The challenge facing Japan’s new leadership in escaping from economic stagnation and deflation was underscored on Friday as data showed further declines in consumer prices and an unexpected contraction in factory output.

Haruhiko Kuroda, the new governor of the Bank of Japan, could struggle to reach his goal of generating 2 per cent inflation in two years, analysts said, after the government data indicated core consumer prices fell 0.3 per cent in February compared with a year earlier.

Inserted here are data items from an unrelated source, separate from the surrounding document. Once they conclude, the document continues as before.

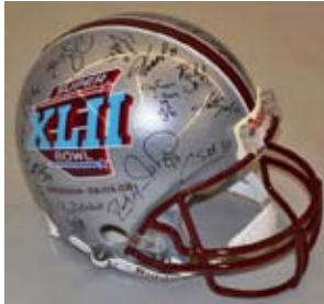
Champion N.E. Patriots Team Signed Helmet (XLII)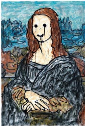
MADSAKI (B. 1974) Mona Lisa

acrylic and aerosol on canvas 105.5 x 72 cm. (41 1/2 x 28 3/8 in.) Painted in 2018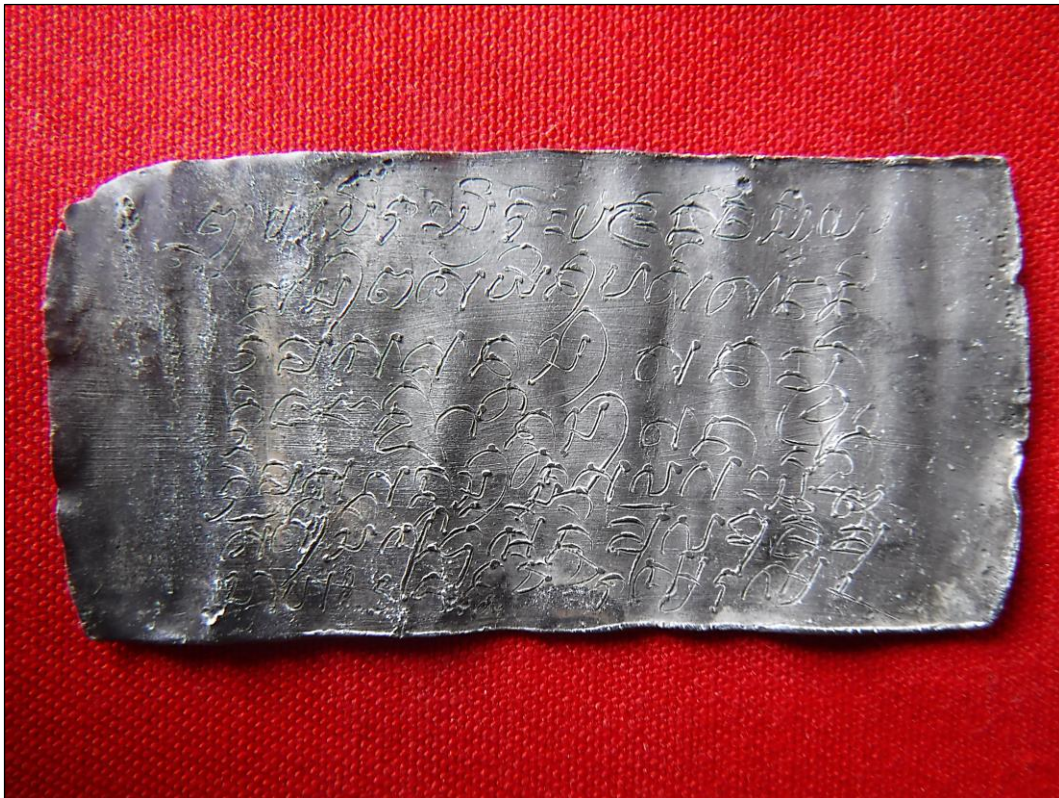
Figure 6. One of the tin plate inscriptions from the Padmasana Foundation Collection.

following is a legible transcript of the RD 2 inscription text: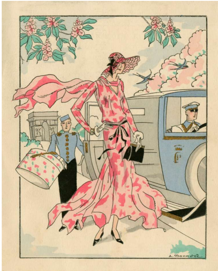
Invitation to an 'advance private showing of the modes for Spring and Summer 1930-31...' 1930-1931. D.I.C. New Zealand Limited: Ephemera, Eph-0015-HF-A-01.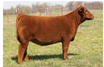
JCL DOLLY 036H Full Sister to Lots 6-8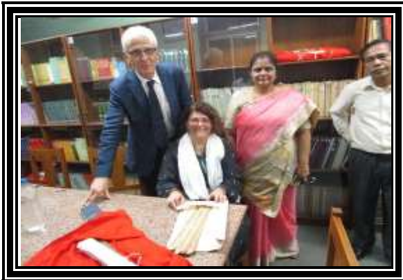
VISIT Foreign Delegate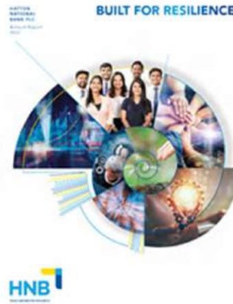
Hatton National Bank PLC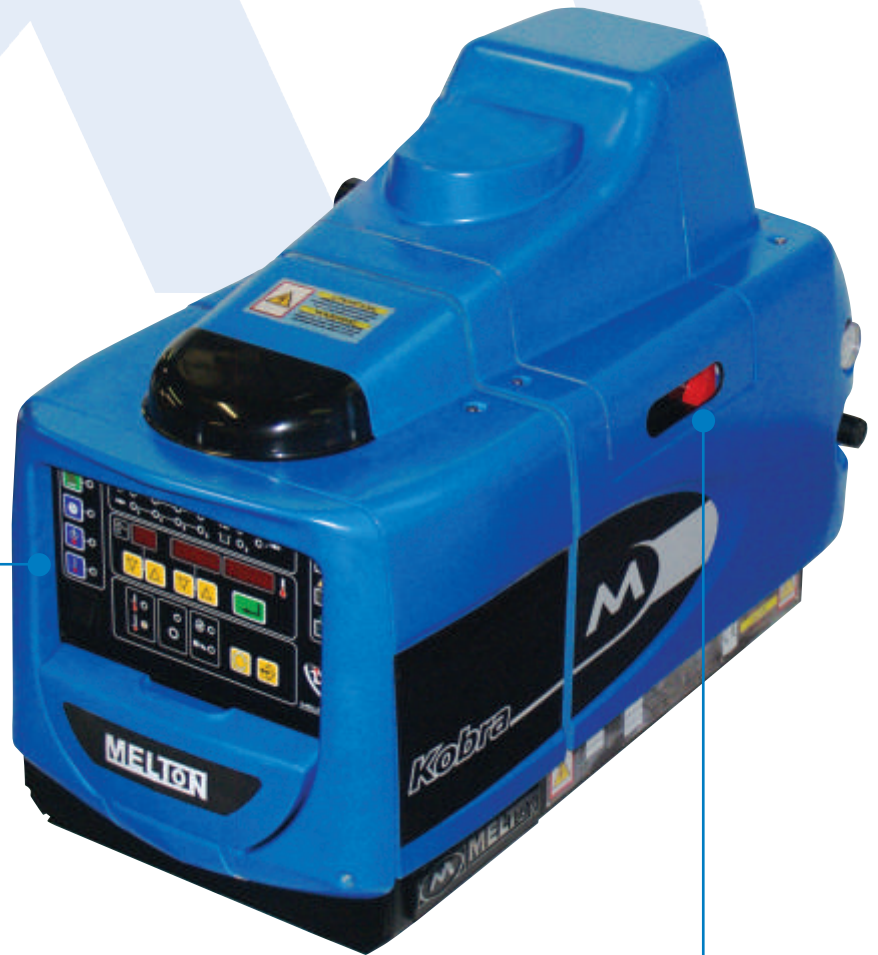
Locking lid promotes operation safety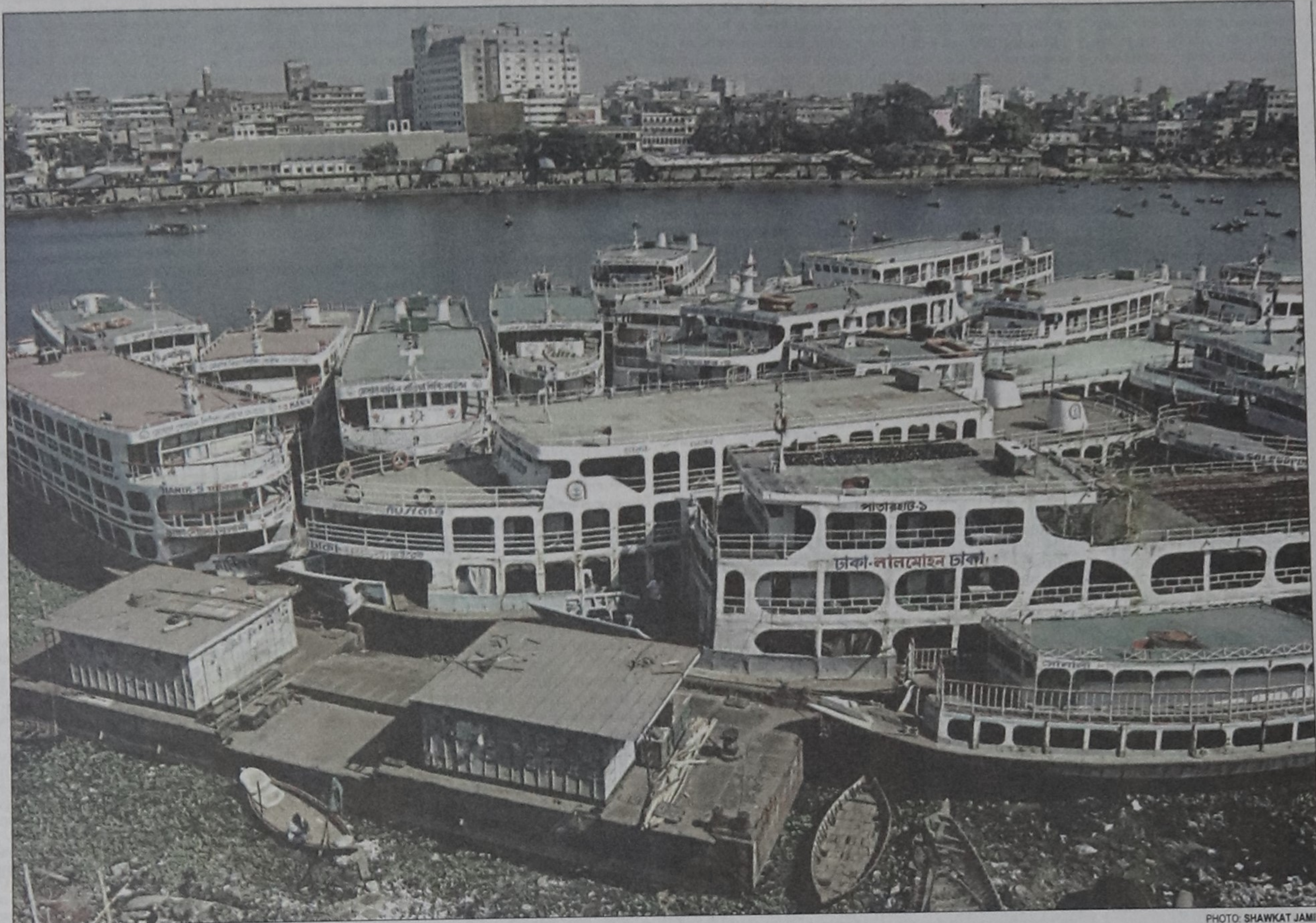
Launches moored in the Buriganga opposite Sadarghat terminal in the capital yesterday as a countrywide water transport strike began Saturday midnight paralysing river communication.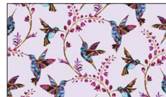
1634-20 Hummingbirds Lt. Pink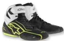
125 BLACK WHITE YELLOW FLUO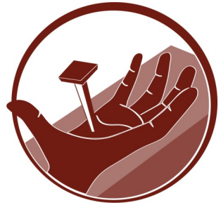
Jesus is nailed to the cross.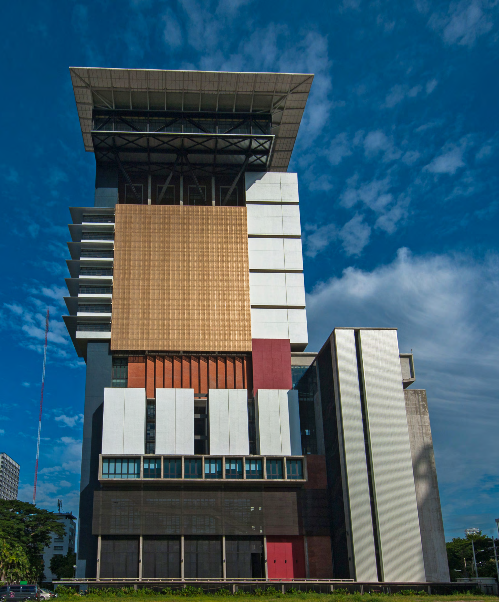
CHALOEM RAJAKUMARI 60 BUILDING (CHAMCHURI 10 BUILDING)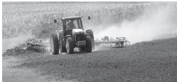
IANR scientists have found that one-time tillage on no-till farmland might be justified to correct a problem in the field but otherwise should be avoided.

While the scientists found the one-time tillage did not reduce soil organic matter, soil physical properties and yield, it did not have a positive effect on soil properties or yield. One time-tillage also reduced the risk of phosphorus runoff.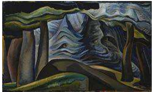
Emily Carr Deep Forest, circa 1931 oil on canvas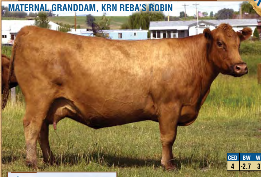
MATERNAL GRANDDAM, KRN REBA'S ROBIN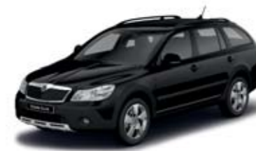
Black Magic pearl effect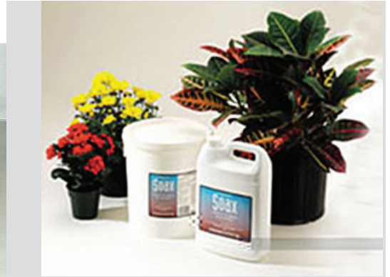
Soax ® dry and wet product containers

Soax ® wetting agent helps to achieve consistency in growing media by aiding in the even dispersing of water and nutrients throughout the entire root zone. As a result, it helps prevent water masses from forming and helps to reduce the occurrence of spot drying. Soax ® wetting agent helps to ensure air-to-water ratios are uniform throughout the entire root zone and helps increase the available feeding sites for plant roots. Soax ® helps to improve consistency, quality and efficiency of commercial growing media during crop production and beyond. In addition, Soax ® helps the growing materials, such as peat moss, to overcome the resistance to the initial wetting. To create the best possible environment for all plant roots, growers can choose from liquid and/or granular options of the Soax ® wetting agent.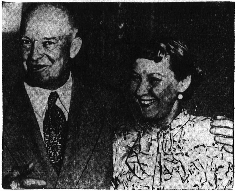
As soon as Gen. Eisenhower was informed he had been elected as Republican presidential candidate he sought his wife "Mamie" and appeared on the balcony of their Chicago hotel to acknowledge the cheers of the crowd. But after a few minutes, Gen. Ike admitted he was tired and disappeared. The Republicans, sure they have a winner in the November presidential elections, continued their demonstrations of acclaim.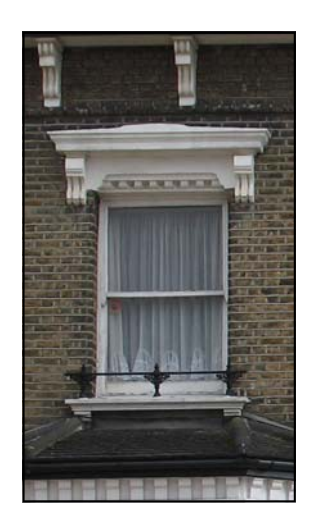
145 Brigstock Road, Bensham Manor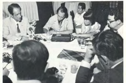
The pro-Marcos mayor of Manila gives his views at an impromptu session with reporters after dinner.

It was the fourth consecutive decline in core CPI, which excludes prices of fresh food. The fall came in spite of a more than 15 per cent fall in the value of the yen, which has pushed up prices for many items sourced outside Japan, from gasoline to package holidays.

“We believe the BoJ’s 2 per cent target is still a long way off,” said Chiwoong Lee, an analyst at Goldman Sachs, adding that it would take time before the impact of the weaker yen was felt on prices in general, rather than merely imports.